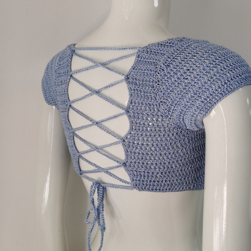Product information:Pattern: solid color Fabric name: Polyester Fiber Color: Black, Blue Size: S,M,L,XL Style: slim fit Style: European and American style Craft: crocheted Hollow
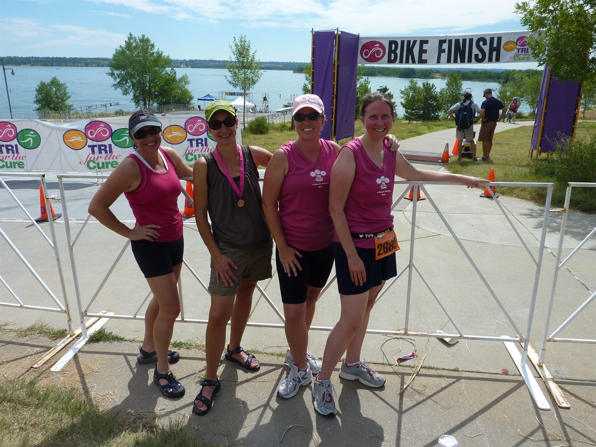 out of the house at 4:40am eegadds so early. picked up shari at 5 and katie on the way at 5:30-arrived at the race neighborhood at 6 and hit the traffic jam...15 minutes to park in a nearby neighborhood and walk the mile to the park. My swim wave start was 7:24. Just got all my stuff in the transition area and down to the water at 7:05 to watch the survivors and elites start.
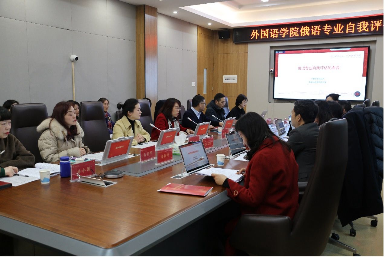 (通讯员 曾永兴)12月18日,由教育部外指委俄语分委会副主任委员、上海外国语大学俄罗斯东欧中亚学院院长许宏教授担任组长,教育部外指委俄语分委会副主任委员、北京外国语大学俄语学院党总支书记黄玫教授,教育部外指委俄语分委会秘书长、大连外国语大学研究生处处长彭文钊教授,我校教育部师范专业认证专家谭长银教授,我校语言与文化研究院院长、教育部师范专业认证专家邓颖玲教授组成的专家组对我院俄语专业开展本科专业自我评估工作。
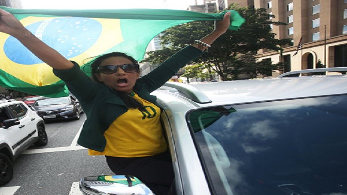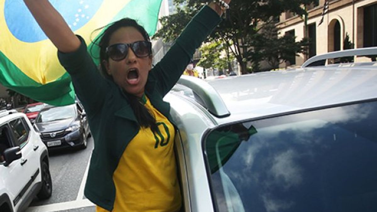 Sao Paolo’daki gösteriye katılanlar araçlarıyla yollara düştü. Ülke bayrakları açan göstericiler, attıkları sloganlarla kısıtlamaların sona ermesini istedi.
☆ ☆ ☆ ☆ ☆ ☆ ☆
[EXERCISE]
None of the pictures belong in the copy; transcribe the rest of the data exactly.

[RESULT FOR THIS EXERCISE]
Product information:Pattern: solid color Fabric name: Polyester Fiber Color: Black, Blue Size: S,M,L,XL Style: slim fit Style: European and American style Craft: crocheted Hollow
 out of the house at 4:40am eegadds so early. picked up shari at 5 and katie on the way at 5:30-arrived at the race neighborhood at 6 and hit the traffic jam...15 minutes to park in a nearby neighborhood and walk the mile to the park. My swim wave start was 7:24. Just got all my stuff in the transition area and down to the water at 7:05 to watch the survivors and elites start.
 (通讯员 曾永兴)12月18日,由教育部外指委俄语分委会副主任委员、上海外国语大学俄罗斯东欧中亚学院院长许宏教授担任组长,教育部外指委俄语分委会副主任委员、北京外国语大学俄语学院党总支书记黄玫教授,教育部外指委俄语分委会秘书长、大连外国语大学研究生处处长彭文钊教授,我校教育部师范专业认证专家谭长银教授,我校语言与文化研究院院长、教育部师范专业认证专家邓颖玲教授组成的专家组对我院俄语专业开展本科专业自我评估工作。
 Sao Paolo’daki gösteriye katılanlar araçlarıyla yollara düştü. Ülke bayrakları açan göstericiler, attıkları sloganlarla kısıtlamaların sona ermesini istedi.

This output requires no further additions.